Grady-White has done both — again and for more than 50 years.
People who know Grady-White boats love the brand’s cachet, the service the company gives its customers, and the resale values its boats draw. Grady boaters are confident on the water, as seen in the top marks they award the company for construction and safety.
That all translates to value, and Grady-White was among the top handful in that survey category.
Born on North Carolina’s demanding waters and inlets (and still built in Greenville, North Carolina), Grady-White boats ride on the company’s SeaV2 hull, which it describes as a “continuously variable V” that sharpens steadily from transom to the stem. The deeper V at the bow produces a softer ride, the gentler one at transom, along with wide chines, providing stability at rest and when trolling.

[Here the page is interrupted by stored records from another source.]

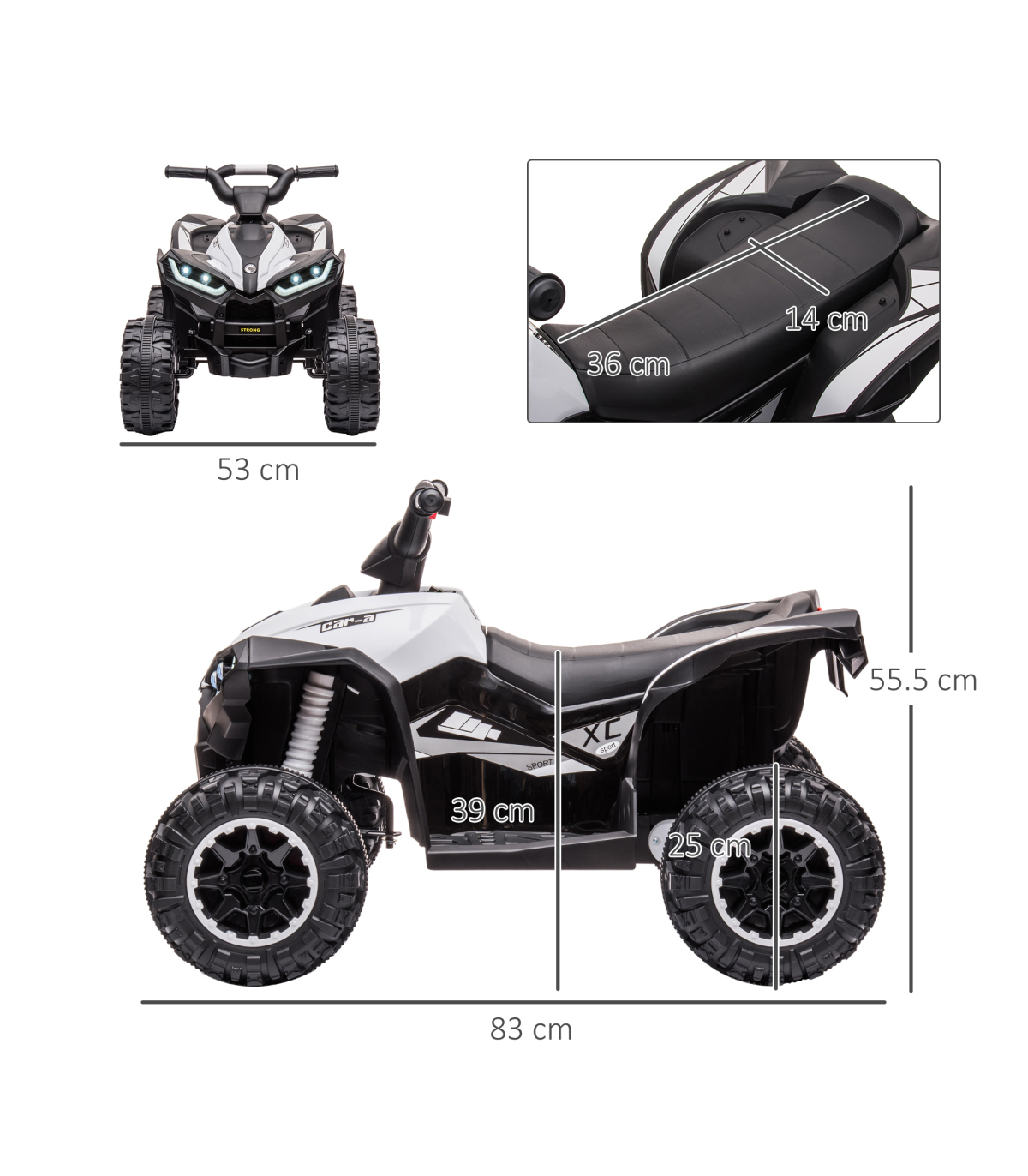 - HOMCOM 12V Electric Quad Bikes for Kids Ride On Car ATV Toy for 3-5 Years Description: - Battery Powered Quad Bike: Includes two motors, this ride-on lasts for 45 minutes after 8-12 hours of charge. It has two speeds - 1.5 and 3km/h, which is the same as a normal walking speed. - Realistic Features: This electric quad bike comes with LED headlights, built-in music and a horn - kids will feel as if they're driving a real vehicle. - Safe to Ride: Wide and textured tyres, providing a smooth and comfortable drive. Four-wheel suspension for added protection when riding. - Dimensions: 55.5H x 83L x 53Wcm. Seat: Off the ground: 39H x 36W x 14Dcm. - Recommended age: 3-5 years. - MAXIMUM LOAD 25KG. - ASSEMBLY REQUIRED.
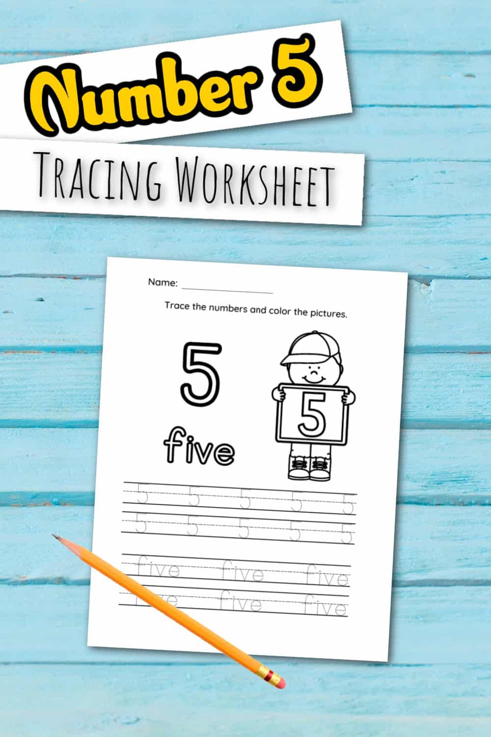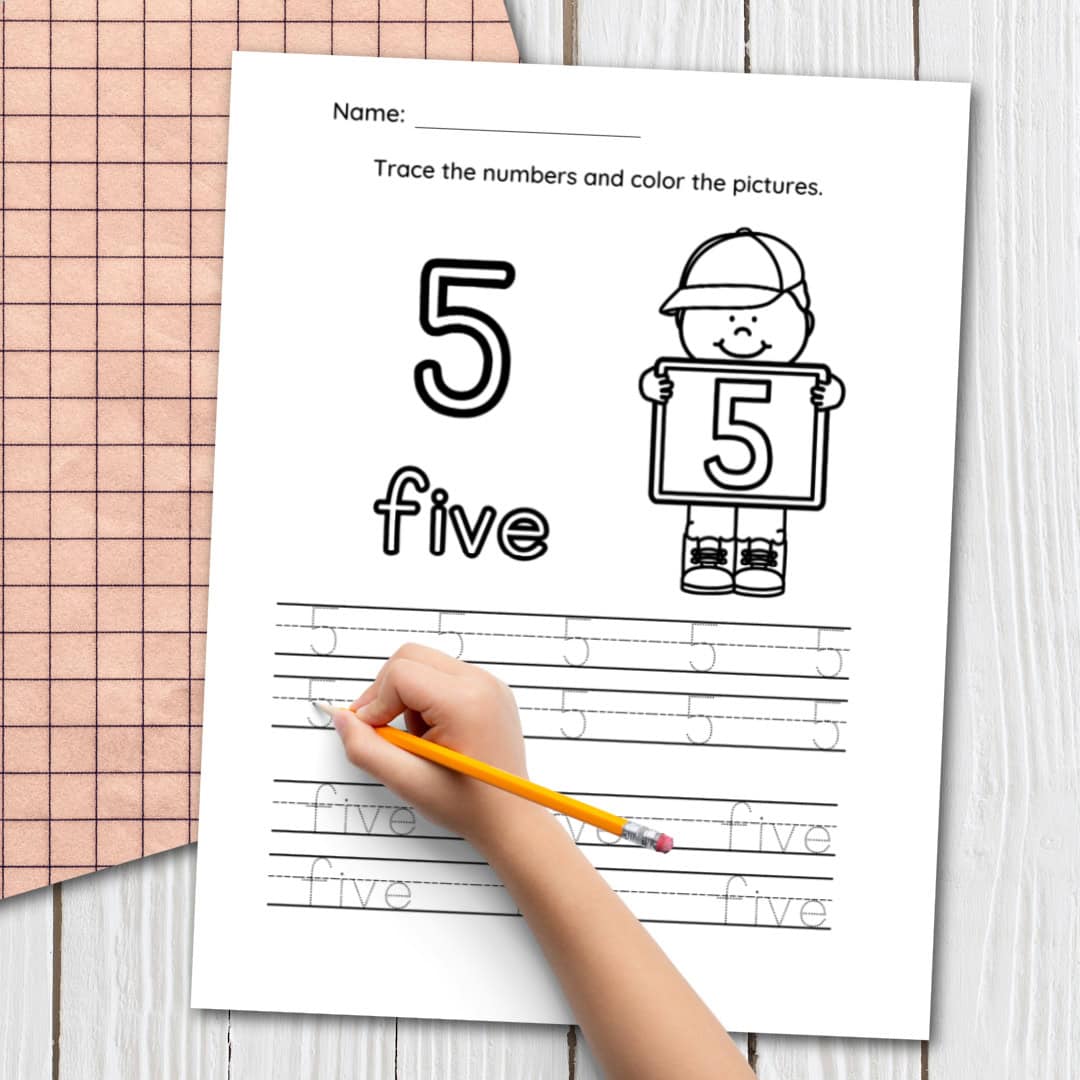 This can be done by tracing the number 5 over and over again on our worksheet. Additionally, students can practice writing the number 5 on their own on the backside of the printable.
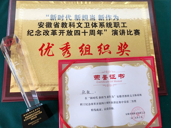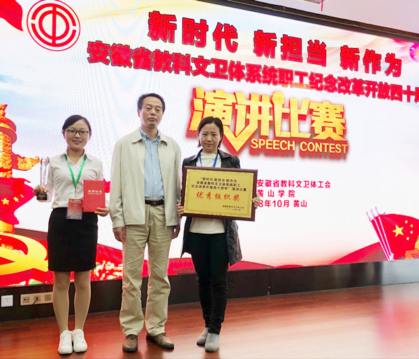 10月30日至31日,由安徽省教科文卫体工会主办,黄山学院承办的“新时代 新担当 新作为”安徽省教科文卫体系统职工纪念改革开放四十周年演讲比赛在黄山举行。永利官网工会选送选手、数学与计算科学学院张敏老师荣获二等奖,校工会获得“优秀组织奖”。
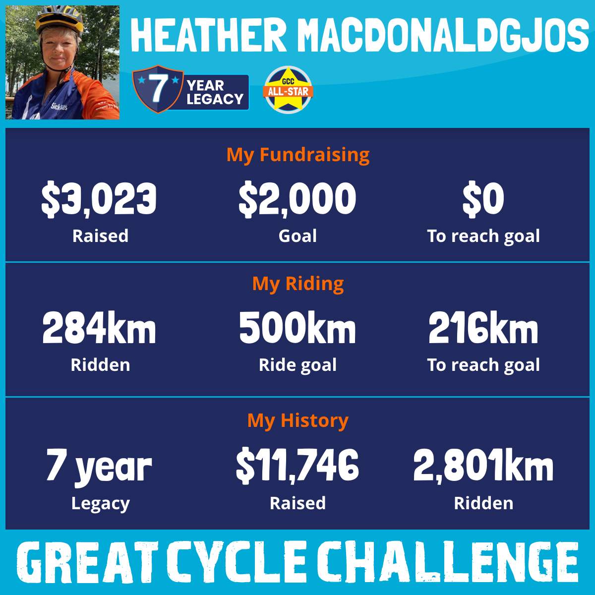 500 km Ridden$3,166 Raised2026
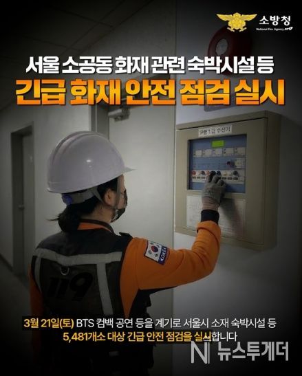 3월 21일(토) BTS 컴백 공연 등을 계기로 서울시 소재 숙박시설 등 5481개소 대상 긴급 안전점검을 실시합니다.
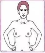 3、双手放在腰部,用力按压胸部肌肉紧张起来,是否有不同以往的线条,异物突起。
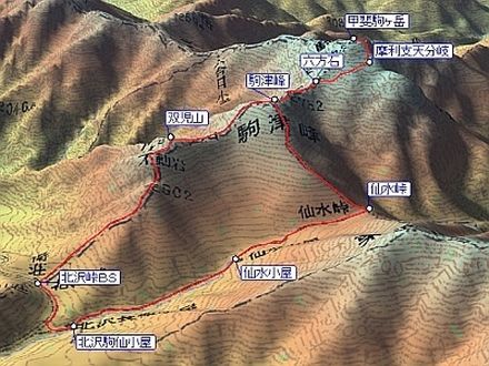 北沢駒仙小屋 4:50 ⇒ 5:40 仙水小屋 5:45 ⇒ 6:20 仙水峠 6:25 ⇒ (休憩 10分) ⇒ 8:05 駒津峰 8:25 ⇒ 9:50 甲斐駒ケ岳 10:55 ⇒ 12:05 駒津峰 12:15 ⇒ 12:50 双児山 12:55 ⇒ 13:30 中間点 13:35 ⇒ 長衛荘 14:15 ⇒ 北沢駒仙小屋 14:25

It’s no wonder that more than five decades into boatbuilding, Grady-White has a respected presence at virtually every fishing ground and port.
Lots of ’em, and much loved.
Grady-White 236
It’s no surprise, really, when a Grady-White boat emerges as a great saltwater-fishing boat. Sweeter, though, when it’s clearly family friendly too. What angler doesn’t relish an eager, comfortable, happy crew?
From a family perspective, boating should be easy and comfortable, and the 236 makes it just so. Swim and boarding platforms on port and starboard make entering and exiting the boat — at dock, sandbar or snorkeling area — a breeze.
The enclosed head area is oversized with plenty of headroom. Bow seating — especially with optional forward-facing foldaway backrests — is a family focal point, not an angling afterthought.
Which doesn’t mean this is anything but a great fishing boat. It’s got the features fishers know to expect on a Grady: huge, eminently fishable cockpit; rod and tackle storage; 89-quart fish boxes forward port and starboard, and a 160-quart insulated box aft, where there’s also deck-level storage on the integrated platform.
The optional deluxe leaning bar has, in addition to a backrest, a set of rod holders, and beneath it all a 25-gallon livewell.
The safe 25-inch-deep cockpit reassures the family; the bay-friendly 18.5-inch draft has the same effect on the captain. And it moves sweetly over the water on the 20-degree-deadrise, SeaV2 progression hull.